El's first foray into professional wrestling occurred when her trainer suggested she try out for the $250,000 WWE Diva Search contest in 2006. After a casting call, she was selected as one of the finalists. During the contest, she won two individual competitions, an obstacle course and a talent competition, before winning the overall competition on 16 August.

She made her first official WWE appearance at the 2006 SummerSlam pay-per-view in a backstage segment with several other Divas. During the segment, the other women initially taunted and teased her before revealing that "it was all in fun" and part of an "initiation". The week after SummerSlam, El made her debut as a member of the SmackDown! brand in an interview with Mike "The Miz" Mizanin—although he did not allow her the chance to say much, spending most of the time talking about himself. Subsequently, she did not appear on television for almost a month, reappearing on the 22 September episode of SmackDown! and getting into a confrontation with Kristal and Jillian Hall.

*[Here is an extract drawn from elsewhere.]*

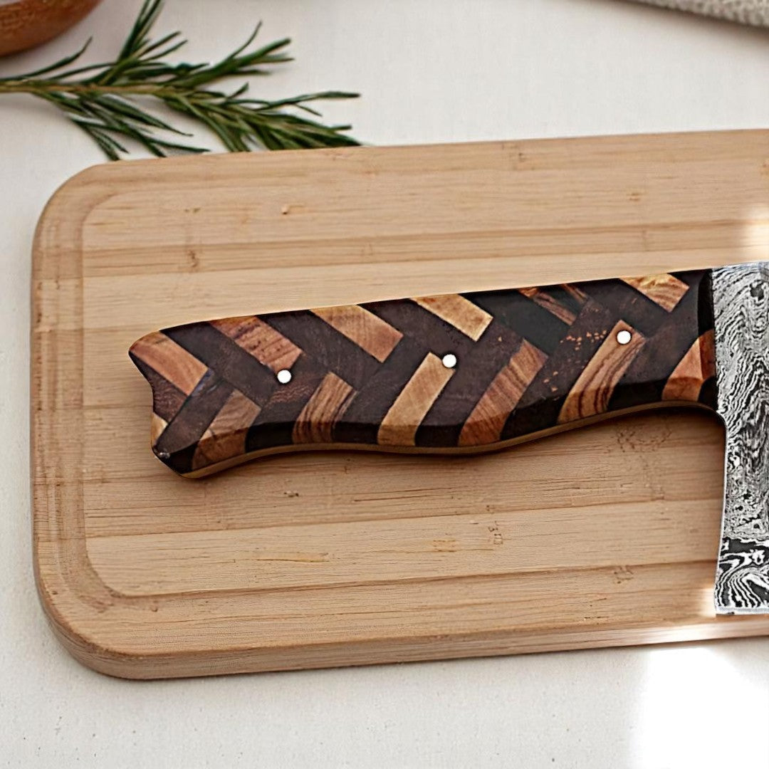 - Handle Material: Unique Wood (contrasting light and dark wood segments) with Rivets

At October's No Mercy pay-per-view event, she embarrassed The Miz by tricking him into getting a lap dance from Big Dick Johnson while he was blindfolded and expecting it to be from her as a birthday gift. On 20 October, Layla participated in a dance contest with the other SmackDown! Divas, and was chosen as the winner by the judges, Nick and Aaron Carter. Despite this, The Miz, who was acting as emcee, declared Kristal the winner. The following week, Layla made her in-ring debut in a Diva's battle royal. The match ended in controversial fashion when she was pulled from the ring apron by The Miz, allowing Kristal to win. The following week, Layla teamed with Big Vito in a loss to The Miz and Kristal in a mixed tag team match. Continuing to feud with Kristal, Layla had her singles match debut on the 1 December episode of SmackDown!, when she lost to Kristal. In her final match for the SmackDown! brand, Layla teamed with Ashley to defeat Kristal and Jillian Hall in a tag team match on 22 December.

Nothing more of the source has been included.